Shift towards Bio-based Chemicals

Although biomaterials have long been part of our daily lives, recent advances in biotechnology have introduced new varieties of bio-based chemicals. Biomaterials offer sustainability benefits such as reduced carbon footprints, improved biodegradability, or recyclability of materials, and superior performance in certain applications. Bio-based chemicals are wholly or partly derived from materials of biological origin such as plants, algae, crops, trees, marine microorganisms, and biological waste. For instance, biopolymers are widely used in soft drink industry to produce bio-based beverage bottles. Besides, they are also used across several end-user industries such as cosmetics, solvents, inks, and other standard products.

Advances bolstered by accelerating innovations in computing, automation, and artificial intelligence are resulting in a new Bio Revolution, leading to the production of materials, chemicals, and energy, which could amount to USD200 billion to USD300 billion in global market growth. As the consumer demand for green products is rising, regulators are pushing for reducing carbon emissions and environmental leakage of plastics that do not biodegrade.

The bio-based chemicals and polymers market is anticipated to register growth at a formidable rate as key players are introducing innovative products and processes and collaborating with back-end players in the value chain. Besides, government incentives and rising awareness of the need to control climate change are some of the factors driving the growth of the bio-based chemicals and polymers industry in the coming years. Chemical manufacturers are constantly innovating and researching alternative bio-feedstock to reduce the cost of manufacturing and collaborating to support the development of bio-based fuels. In 2020, Cargill collaborated with Virent to investigate the use of Cargill’s corn dextrose as feedstock for creating low-carbon biofuels and biochemicals.

Advanced biorefinery platforms for chemicals production from Macroalgae

Rapid urbanization and limited availability of fossil fuels have created a great demand for renewable energy development. Consequently, the interest in developing innovative biorefinery approaches to produce bio energies and biopolymers from renewable sources have escalated in recent years. Biorefineries utilize the optimum energy potential of organic resources to produce bioenergy, which facilitate the circular bioeconomy that closes the loop of organic or fresh resources, minerals, carbon, and water. The idea behind circular bioeconomy is to conserve the long-term usage of biomass resources, minimize contamination on both environment and end-product. Several laboratories are working on the utilization of macroalgae for the production of bioethanol and lactic acid. Macroalgae are best alternative to terrestrial plants as they are abundance in supply and have the ability to grow in seawater.

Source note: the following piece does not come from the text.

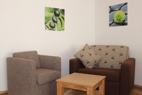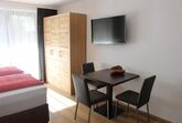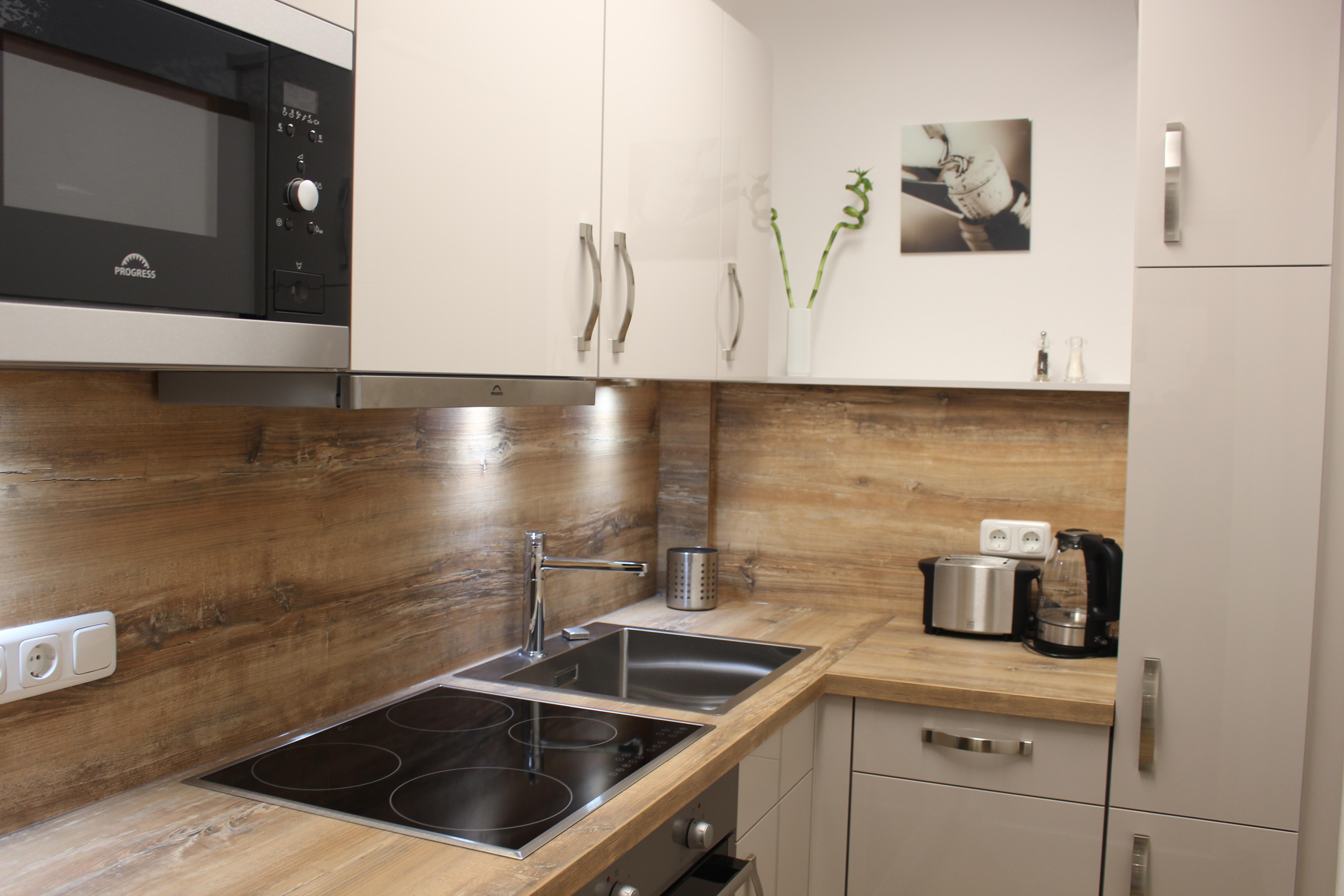vollausgestattete Küche, Badewanne, Flat-screen TV, WLAN, kostenlose Parkplätze, 1 Boxspringbett für 2 Personen, 1 Schlafsofa 1 Person, Esstisch, Balkonmöbel auf der großzügigen Loggia

Advanced technologies and novel systems are being applied to manufacture bio-based chemicals, biofuels, etc. from renewable sources to scale up production and commercialization. These technologies are yielding high returns, delivering enhanced performance, and providing precision at lower prices.

Sustainable Supply Chain Management in Chemical Industry

Ensuring sustainability in supply chain is essential pre-requisite for the future viability of companies to meet economic criteria, ecological, and social criteria. Improving supply chain would require deep visibility and right insights, which would help in making quick and effective decisions. Leveraging real-time visibility and advanced analytics can help track delays by providing revised ETAs and analysing downstream impacts of late materials shipments. Enhanced accessibility to data-driven insights can alert companies of a delay almost immediately and provide the necessary information that can help to quickly pivot and source raw materials from another supplier. Hence, the adoption of digital tools and technologies would be highly beneficial for the chemical companies to strengthen their supply chain management and drive profitability.